Staking: Overview [273.75% APR]
Investors can lock BUFFI tokens in a state such that they no longer earn dividends from the BUFFI exchange contract but instead will earn a flat 0.75% per day on their capital. Anything earned from this interest rate can be withdrawn to your wallet without a fee but should you wish to take out your capital, a fee will be applied. Because the interest rate isn’t compounded automatically the base APR is 273.75% (365 * 0.75%), but the APY could be much higher by compounding interest daily.
There is no minimum deposit for staking but if you wish to take that value back later, it will have a percent taken off it. The contract will account for all of the interest accrued across all investors as well as the entire liquidate-able amount and provide a surplus percent. To guarantee that you will break even, the surplus percentage upon investing needs to be more than 10%, from here you just need to leave your capital to gather interest for 13 days (10 / 0.75) and you will be able to withdraw everything you initially deposited.
All tokens earned via interest can either be reinvested back into your capital or withdrawn directly to your wallet.
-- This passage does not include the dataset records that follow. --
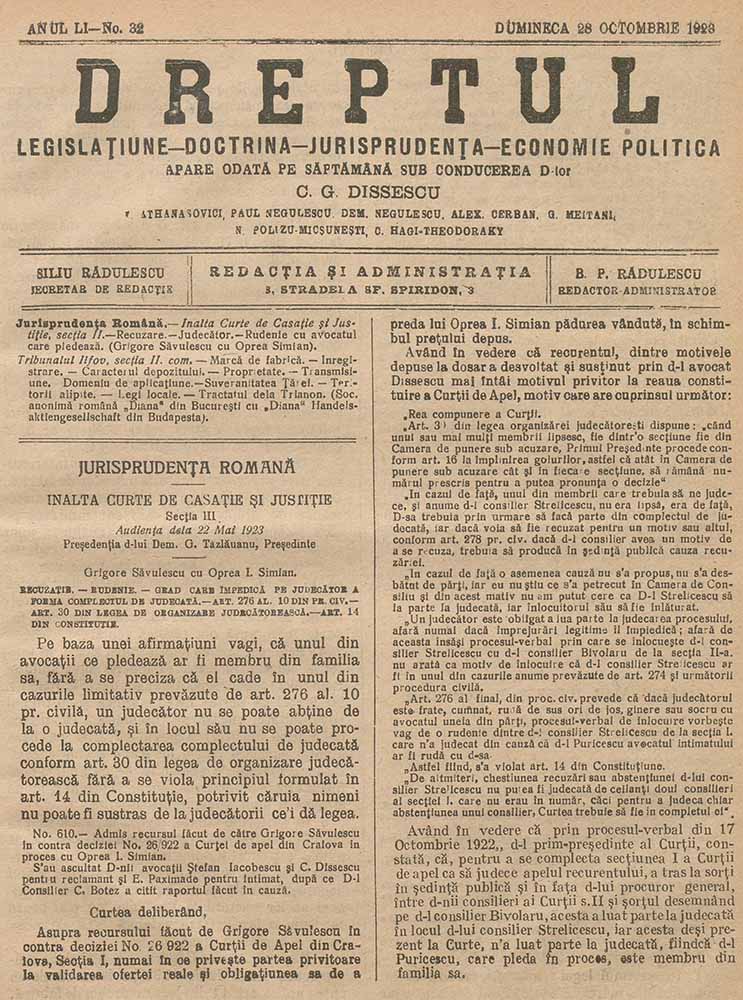 Dreptul, LI, nr. în TOM: 32, 28 octombrie, 1923 Descarcă Citește × --> Anul publicației: 1923 Publicată de: Institutul de Istorie „Nicolae Iorga” București Contributori: Institutul de Istorie „Nicolae Iorga” București Tipul publicației: periodic Vezi publicația: Dreptul Domenii asociate: Drept, Științe juridice
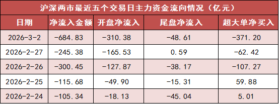 今日沪深两市主力资金开盘净流出310.38亿元,尾盘净流出48.61亿元,两市全天主力资金净流出684.83亿元。
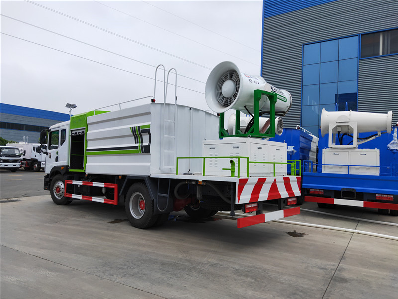 灑水車工作主要由發(fā)動機帶動變速箱,變速箱上安裝的取力器帶動灑水車水泵產(chǎn)生動力,將罐體內(nèi)部的水通過管路噴灑出去,水泵可自吸自排?筛鶕(jù)用戶需求選配抑塵霧炮。
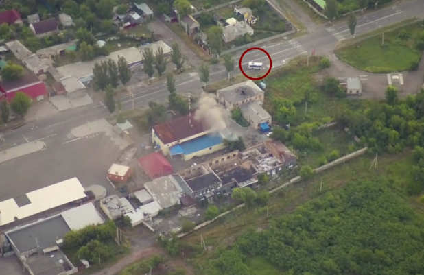 "Во время планового вылета, ища вражескую технику и разглядывая вероятные места работы вражеской артиллерии, наши ребята случайно увидели, что у бывшего магазина что-то дымит.
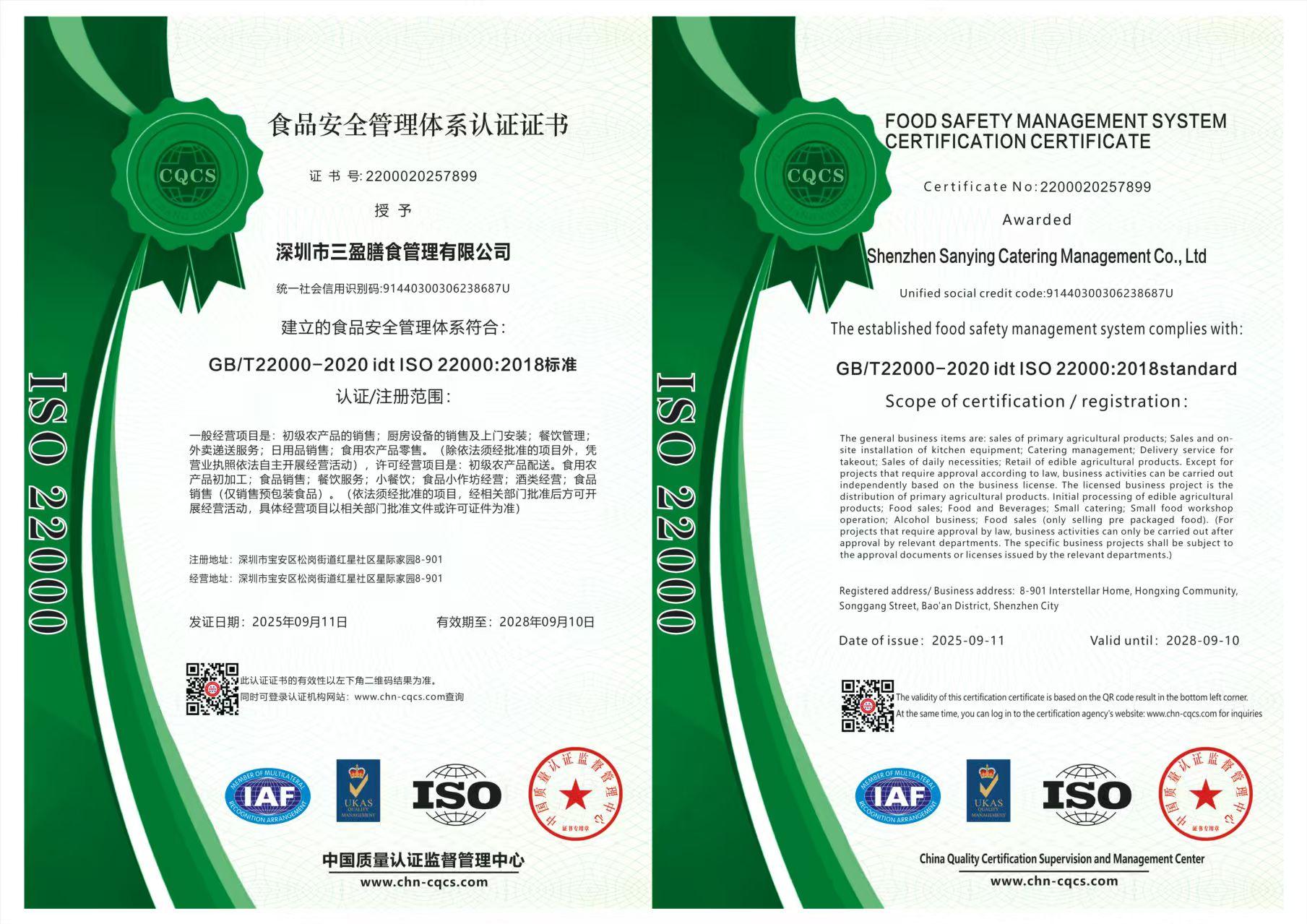 食品安全管理體系認(rèn)證證書
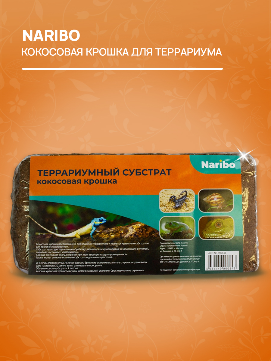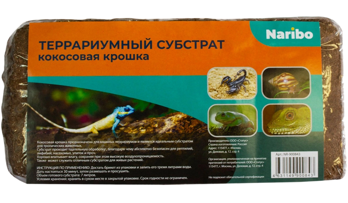 Субстрат проходит тщательную обработку, благодаря чему абсолютно безопасен для рептилий, амфибий, насекомых, улиток.

There is no fee for withdrawing or reinvesting your BUFFI profits.
At any point you can liquidate all of your capital and withdraw it to your wallet. There is a 10% liquidation fee and as such you will only receive 90% of your capital investment back.
Staking: The Catch
Because this contract is essentially printing free BUFFI for investors, it is possible that the contract will not be able to afford to pay everyone out. The surplus is an indicator of this and if it falls below 0%, it means the contract is no longer solvent.
Due to the liquidation fee and the fact that holding tokens earns dividends, the contract should be able to maintain at least a 10% surplus for a lot longer than other contracts of this nature but just beware of the risk and keep an eye on the surplus.